# Windows Media Player 11 and .AVI and quartz.dll



## reidypea (Jul 30, 2005)

Well I just got the newest version of wmp, and it doesn't want to play .avi files, and i get an error message every time i try to load one--- "*AppName: wmplayer.exe AppVer: 11.0.5721.5145 ModName: quartz.dll
ModVer: 6.5.2600.2180 Offset: 00096571*" and also, when avi files off the internet load, my firefox has to close down because of this.

I have tried finding information about this all morning off google, and really have had no luck.

Help would be much appreciated, thanks!


----------



## steve44060 (Feb 21, 2007)

reidypea said:


> Well I just got the newest version of wmp, and it doesn't want to play .avi files, and i get an error message every time i try to load one--- "*AppName: wmplayer.exe AppVer: 11.0.5721.5145 ModName: quartz.dll
> ModVer: 6.5.2600.2180 Offset: 00096571*" and also, when avi files off the internet load, my firefox has to close down because of this.
> 
> I have tried finding information about this all morning off google, and really have had no luck.
> ...


Please let me know if you get an answer..Im having the same problem and its driving me [email protected]


----------



## phaze112 (Apr 14, 2007)

I am having this same problem 

admin at chcompsol dot com

in case anyone finds or knows why this is happening ;(


----------



## Rollin' Rog (Dec 9, 2000)

Try unregistering then reregistering quartz.dll:

regsvr32 /u quartz.dll
regsvr32 quartz.dll


----------



## phaze112 (Apr 14, 2007)

I downloaded the quartz.dll from here:
http://www.dll-files.com/dllindex/dll-files.shtml?quartz

went into safe mode, renamed the old one to quartz-bak.dll and then copied over the new one in the system32 folder and now it works


----------



## WooWooLovesBoo (Nov 16, 2007)

I've tried re-registering quartz.dll using Command Prompt (DOS), and I have tried replacing it with the version suggested from the website to download. I've restarted a few times in between.

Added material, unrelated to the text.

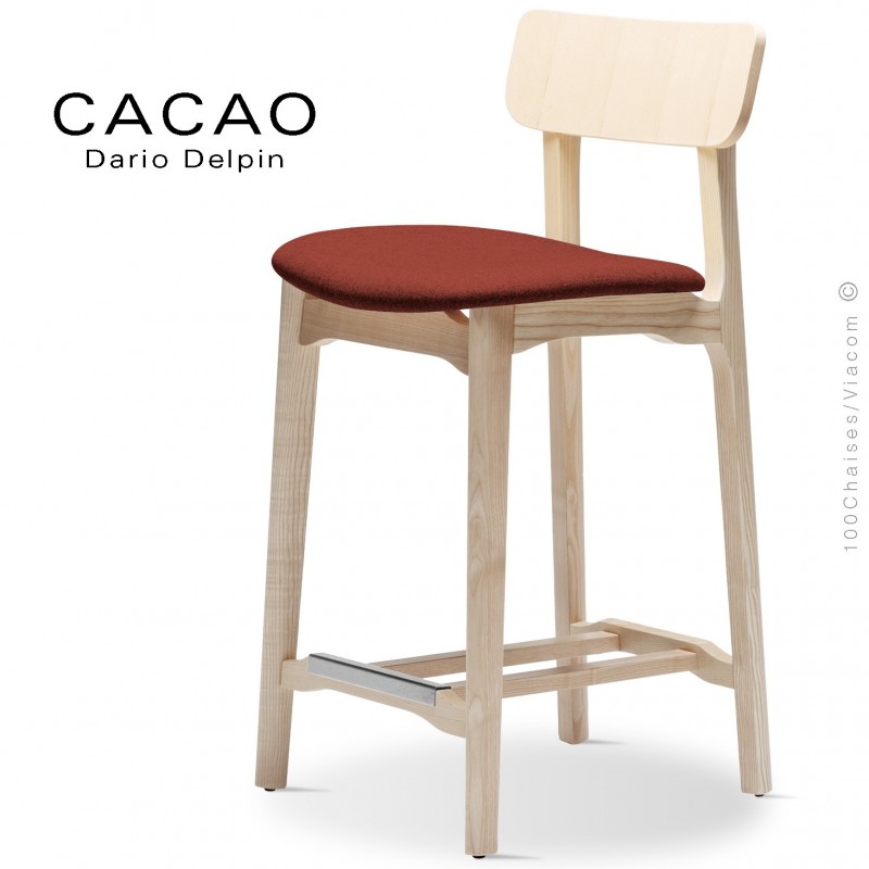 Tabouret bois de cuisine design CACAO, structure bois de Frêne avec repose pieds, vernis ou teinté, assise habillage tissu.

Anyone have any suggestions?


----------



## Rollin' Rog (Dec 9, 2000)

Do you have anything like Nero which might have taken over the file associations? That's the only other thing I can say I've seen cause a problem. It required uninstalling Nero and making sure on the reinstall that only those file associations for programs it owns are allowed it. And of course ensuring WMP is the default for all its supported associations.


----------



## WooWooLovesBoo (Nov 16, 2007)

I don't have Nero but I do have PowerDVD. I don't think that is the cause of the problem, however.

I checked and WMP11 is set as the default for .avi files. Should I provide specs?


----------